I’ve been trying to watch more Jean-Luc Godard movies lately.  So far, I have only seen three: Breathless (which I liked), Contempt (which I hated), and now A Woman is a Woman (which I really liked).  The plot for A Woman is a Woman doesn’t really sound like it’d make a great comedy, but Godard totally pulled it off here.  This is a completely different side of Godard from what I’d seen before, it’s so playful.  I particularly loved the part where Jean-Paul Belmondo’s character makes a joke about Breathless being on TV tonight.  It’s wonderful enough as it is to have a joke about Breathless in a Jean-Luc Godard movie, but it’s just genius when the joke is delivered by Michel Poiccard himself, Jean-Paul Belmondo.  And I loved the cameo from Jeanne Moreau and how Alfred asked her how Jules and Jim is coming along.  Gotta love French New Wave humor.  The performances were great, I loved the direction, the use of vibrant colors was fantastic, there simply isn’t anything I didn’t like about this movie.

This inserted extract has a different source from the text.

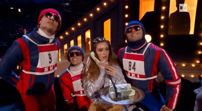 The performance began with an animated sequence showing what appears to be Impacciatore essentially skiing and skating through the Winter Olympic Games and cites of bygone years.
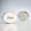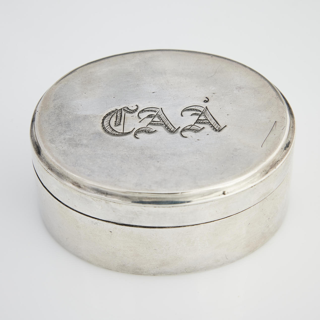 Indvendigt forgyldt, oval, glat med skrå kant omkring låget, monogrammet. Længde 6,5 cm, højde 3 cm, vægt 115 gram.

Unfortunately, the Criterion Collection DVD of this movie has gone out of print, but it if you have Netflix, it is still available to watch instantly through there.  It’s only 85 minutes long, so if you want something fun to watch but doesn’t require a big time commitment (which is precisely what I was looking for when I decided to watch it), this is a great choice.